Since 1960, the absolute number of people in hunger has fallen from 1.5 billion out of a population of 3 billion people to 850 million out of 6.7 billion people. Rice production has increased close to three times since 1960 while using the same amount of water in its production. Prior to the current wave of price increases, the real price of rice was roughly 40% of its 1960 price. (Similarly, the real price of wheat was about 50% of its 1960 price.) Contrary to the monoculture mythology, the amount of land cultivation for primary grains reached its peak around 1980, as increased demand for diversified diets led to a shift from land under cultivation for grains to fruits and vegetables. Farmed fish production has also increased rapidly. Improved nutrition, leading to longer life expectancies and taller average height, is obvious to anyone who has traveled to Asia, among other places.

Increased grain yields were for a time able to accommodate the reduction in land under grain cultivation, the increase in population, and the demand for food, which was growing faster than population. Unfortunately, NGO lobbying and the decades-long railing against modern ("industrial") agriculture brought about a steady decline in domestic and international agricultural research funding. Opposition to agricultural research and development in biotechnology grew as the NGOs falsely but repeatedly claimed that there was controversy in science over biotech's safety.

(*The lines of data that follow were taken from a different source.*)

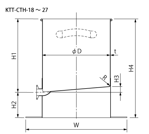 | 型式 | 容量 | 質量 | 内径 | 内高 | ドレン高 | 高低差 | 傾斜 | 全高 | 全幅 | ドレン | 底 | 板厚 | 納期 | RoHS |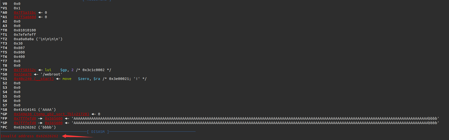 对比可以发现,我们覆盖掉了上一函数传入的参数,而在执行snprintf的时候会用到所传入的参数,所以我们需要把传入的第一个参数修改为一个可以访问的地址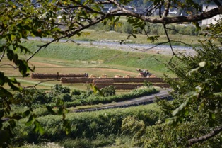 | 9.24a | 刈払機で刈ったあとの草を集めないと、土に陽が当たらなくなって膿(う)んでしまうから、その都度集めて堆 肥にしていた。 しかし今年は、体力を必要とするこの作業から逃げて、草が乾燥した後でそのまま燃やしていた。 そうすると土が焼けて石が露出することはわかっていたけれど、想像以上にたくさんの小石が現れてしまった。 この土手の石は今までにかなりの量を拾ったのに、この冬はまた石拾いを再開しなければなりません。 |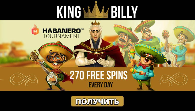 Хочешь выигрывать каждый день крутые подарки, словно истинный король? Зарегистрируйся в казино Кинг Билли и прими участие в ежедневной промо акции! Она принесет тебе 270 фриспинов каждый день в Королевском турнире от казино Кинг Билли! Все, что от тебя требуется, это пополнить игровой баланс и играть на слотах от Хабанеро.

Given the growing virulent opposition to "industrial" agriculture and agricultural research, it was inevitable that yield increases would start slowing -- so that, by the beginning of this century, the world was eating more than it produced, driving grain reserves to perilously low levels. All of this was set in motion long before the upsurge in biofuel production from food crops, which I personally very strongly opposed. Tragically, those who have contributed so much to the creation of this crisis are now vociferously advocating returning to the low-yield agricultural practices of times past, which were inadequate to feed a population less than one third of today's.

Thomas R. DeGregori, Ph.D., is a professor of economics at the University of Houston and an ACSH Trustee.